» **Try it**: The answer should match the entries that follow exactly, except that no image appears in it.

───── Supplied records

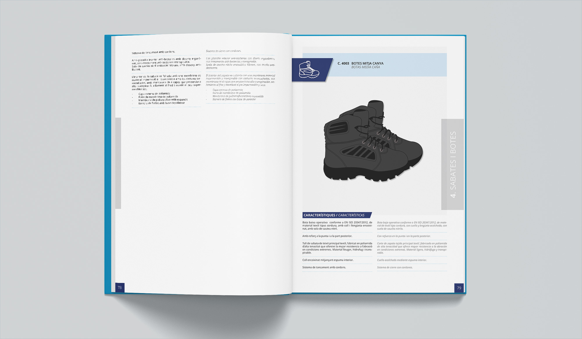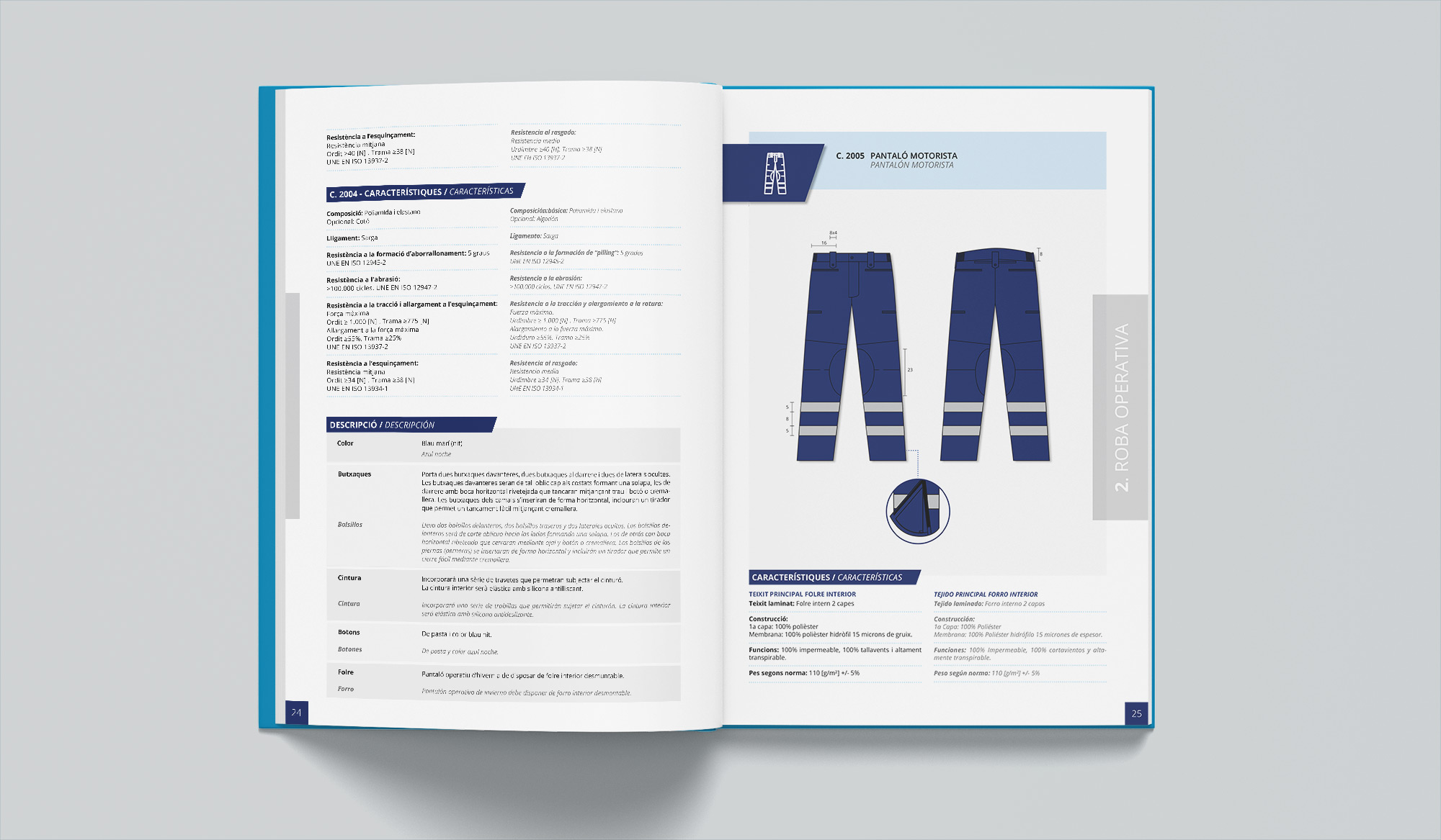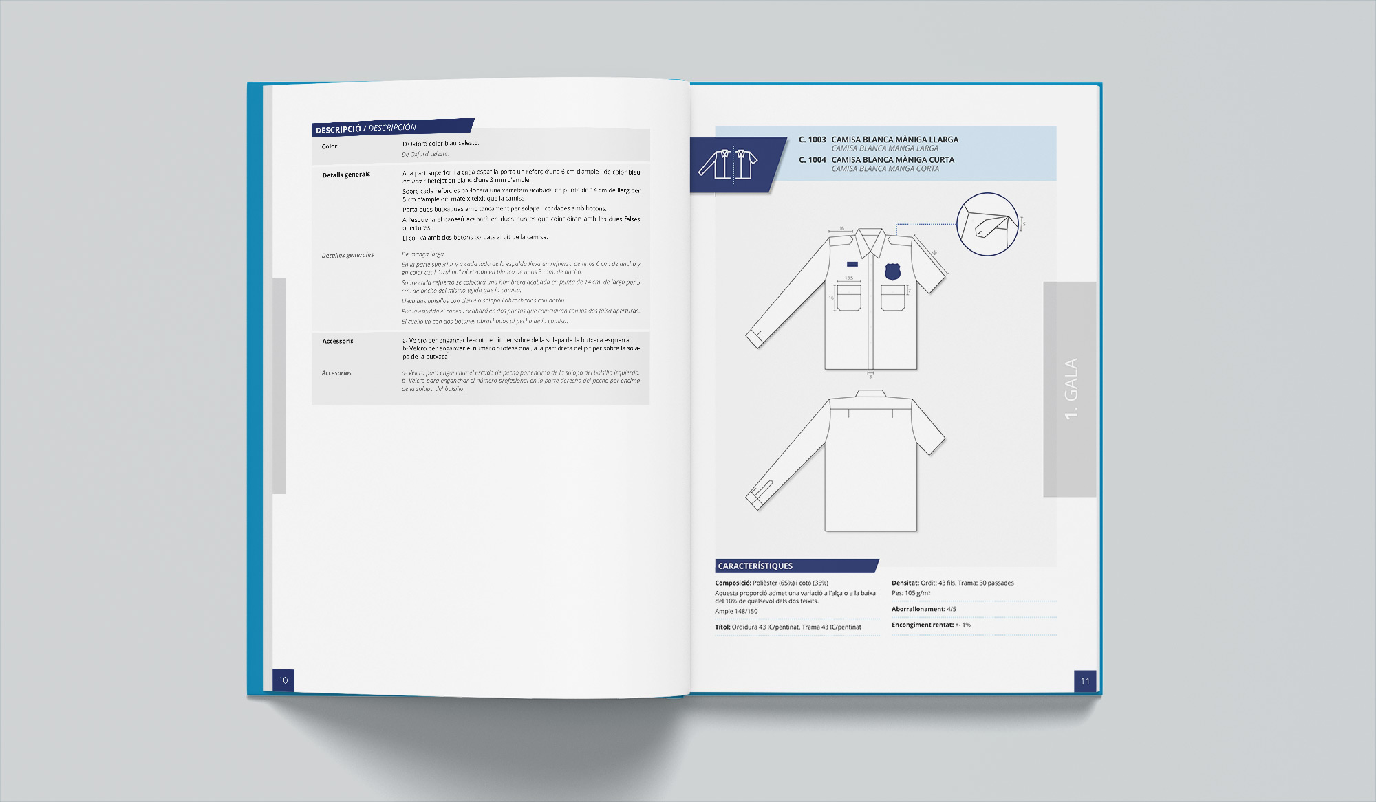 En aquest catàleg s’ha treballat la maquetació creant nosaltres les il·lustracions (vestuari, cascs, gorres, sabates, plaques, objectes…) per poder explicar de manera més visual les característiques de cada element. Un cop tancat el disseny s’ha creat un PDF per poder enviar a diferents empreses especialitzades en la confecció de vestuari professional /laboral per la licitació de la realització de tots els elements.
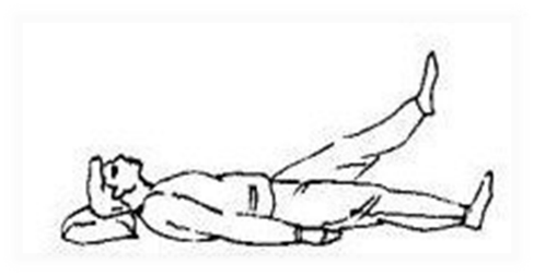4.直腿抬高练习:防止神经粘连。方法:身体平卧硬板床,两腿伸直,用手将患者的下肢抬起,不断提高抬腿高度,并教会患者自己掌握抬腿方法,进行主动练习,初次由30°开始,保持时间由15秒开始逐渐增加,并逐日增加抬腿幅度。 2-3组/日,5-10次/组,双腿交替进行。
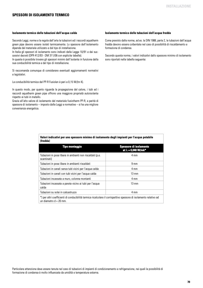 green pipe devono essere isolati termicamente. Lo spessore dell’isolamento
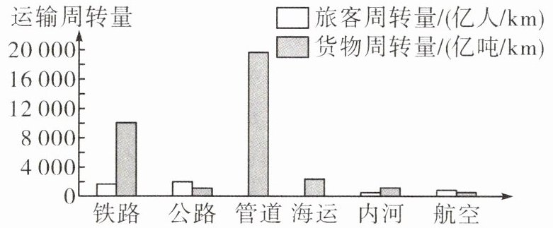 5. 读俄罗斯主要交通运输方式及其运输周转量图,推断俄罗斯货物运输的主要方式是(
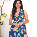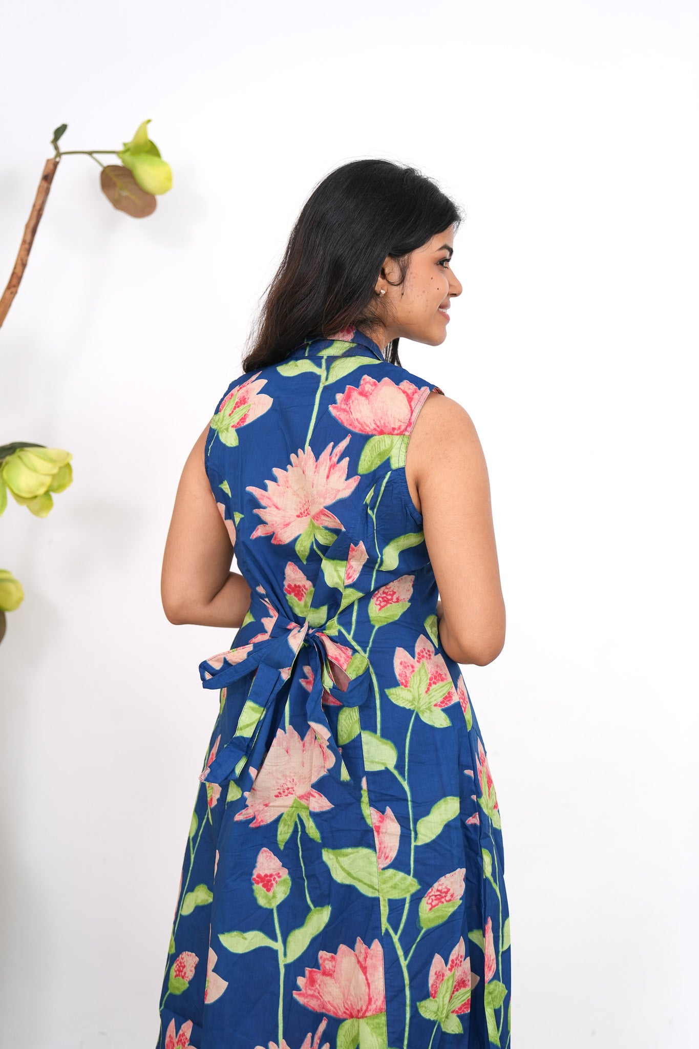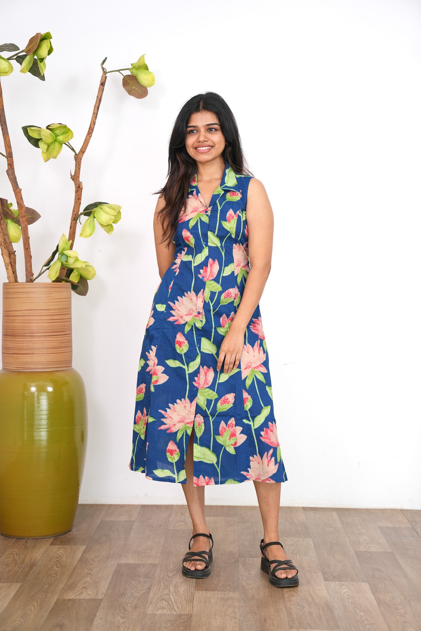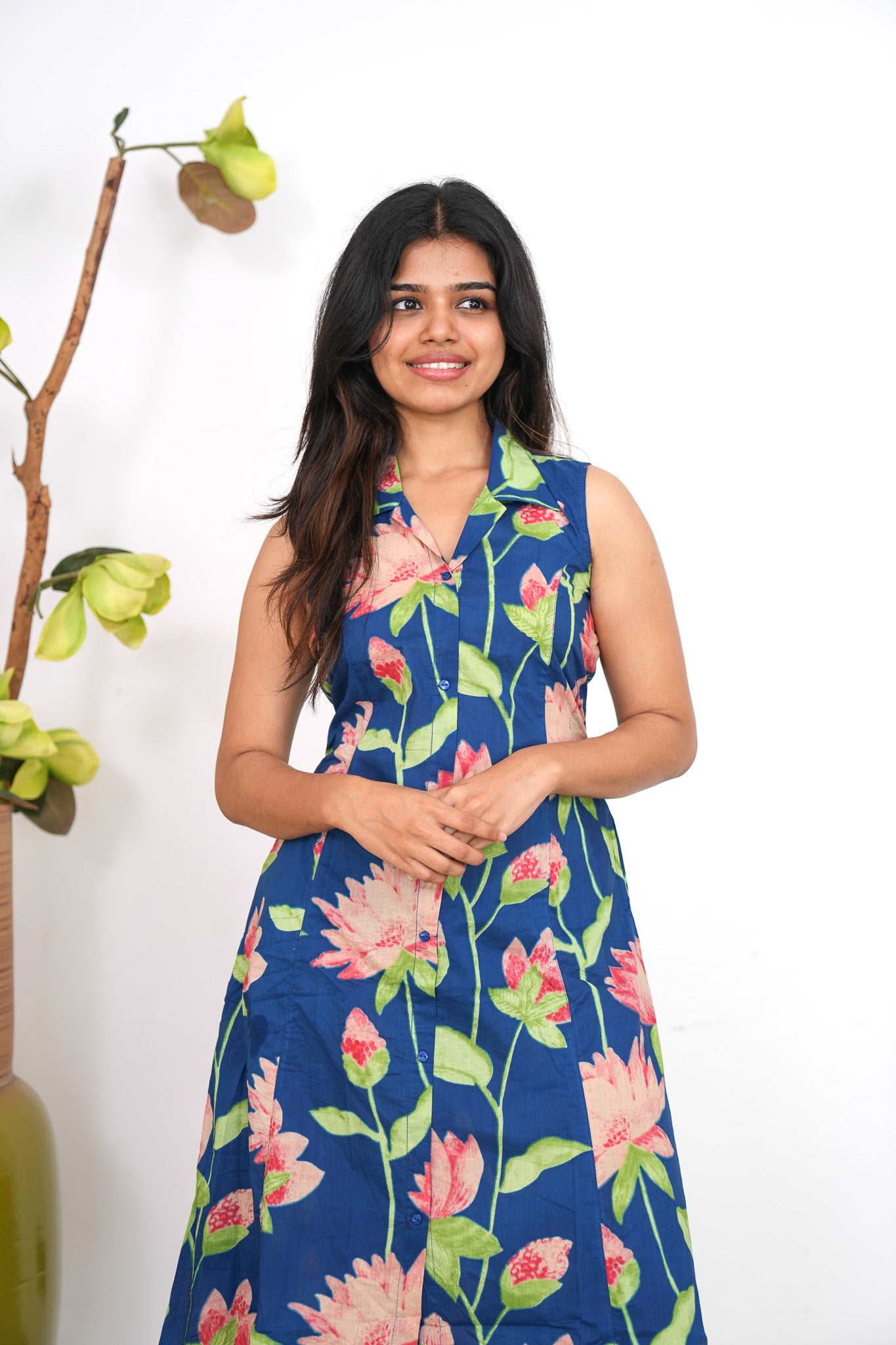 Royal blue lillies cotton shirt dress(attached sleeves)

──────────

» **Solution to this exercise**:
 En aquest catàleg s’ha treballat la maquetació creant nosaltres les il·lustracions (vestuari, cascs, gorres, sabates, plaques, objectes…) per poder explicar de manera més visual les característiques de cada element. Un cop tancat el disseny s’ha creat un PDF per poder enviar a diferents empreses especialitzades en la confecció de vestuari professional /laboral per la licitació de la realització de tots els elements.
4.直腿抬高练习:防止神经粘连。方法:身体平卧硬板床,两腿伸直,用手将患者的下肢抬起,不断提高抬腿高度,并教会患者自己掌握抬腿方法,进行主动练习,初次由30°开始,保持时间由15秒开始逐渐增加,并逐日增加抬腿幅度。 2-3组/日,5-10次/组,双腿交替进行。
 green pipe devono essere isolati termicamente. Lo spessore dell’isolamento
 5. 读俄罗斯主要交通运输方式及其运输周转量图,推断俄罗斯货物运输的主要方式是(
 Royal blue lillies cotton shirt dress(attached sleeves)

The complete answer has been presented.